Die Vier machten sich auf in die große Halle, wo in wenigen Minuten das Abschlussfest beginnen sollte.

Kurz vor den gigantischen Flügeltüren zog Ginny Hermine ein bißchen Abseits und sah sie ernst an. "Willst du nicht in den Fuchsbau kommen?", fragte sie und legte den Kopf etwas schräg.

Hermine lächelte breit. "Natürlich will ich! Warum auch nicht?"

Ginny nickte und hakte ihre Freundin unter. "Ich hatte schon Angst, du willst nicht kommen!", sagte sie und gemeinsam liefen sie in die Große Halle, wo sie sich zu Ron und Harry setzten.

Hermine lies ihren Blick über die Schülermassen gleiten und nickte hin und wieder ein paar bekannten Gesichtern zu. Ihr Blick wanderte weiter zum Slytherintisch und sie bemerkte wie Malfoy sie haßerfüllt anstarrte. Verübeln konnte sie es ihm nicht. So sehr er sich auch dieses Jahr bemüht hatte, es hatte nur zum zweitbesten Schüler gereicht und das wurmte ihn sehr.

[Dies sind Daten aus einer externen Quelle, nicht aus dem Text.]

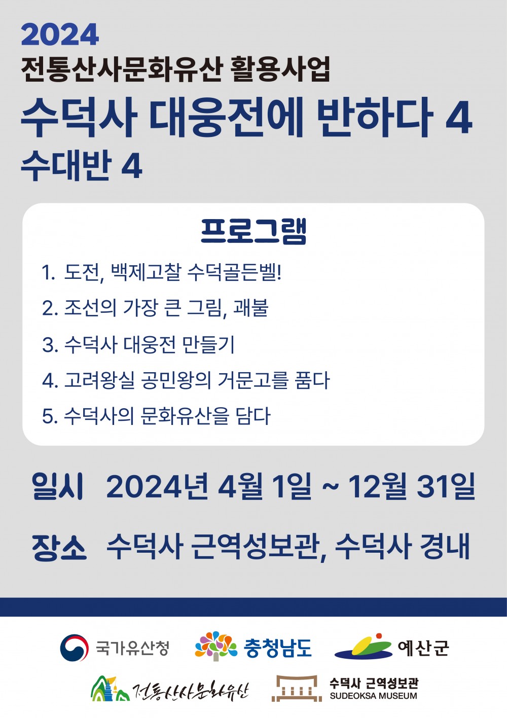 2024년 수덕사 대웅전에 반하다 4(수대반4) 안내 페이지 정보 작성자 관리자 작성일24-04-24 15:25 조회1,779회 댓글0건 본문 2024년 우리고장국가유산 활용사업-전통산사문화유산 활용사업 수덕사 대웅전에 반하다 4(수대반4) 문의: 041-330-7777(수덕사근역성보관) 이전글 다음글 목록 댓글목록 등록된 댓글이 없습니다.
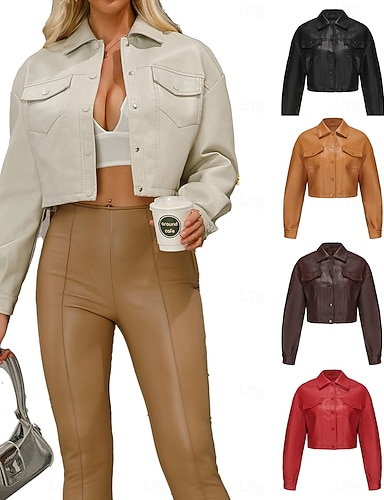 نسائي جواكيت جلد مريح جيب Buttons موضة أسلوب الشارع سهل الأماكن المفتوحة كاجوال / يومي قصيرة طوي عادي كم طويل ملابس خارجية أسود أحمر جمل الربيع الخريف

Hermine nickte ihm freundlich zu und drehte sich dann zu Dumbledore, der sich gerade erhob, nicht mehr auf die mörderischen Blicke von Malfoy achtend.

Die Rede war wie jedes Jahr kurz und bald dachte Hermine nicht mehr an ihre Gefühle von vorhin im Bett und lachte und aß mit ihren Freunden um die Wette.

Ihr Blick wanderte nur hin und wieder zu Ginnys Gesicht ....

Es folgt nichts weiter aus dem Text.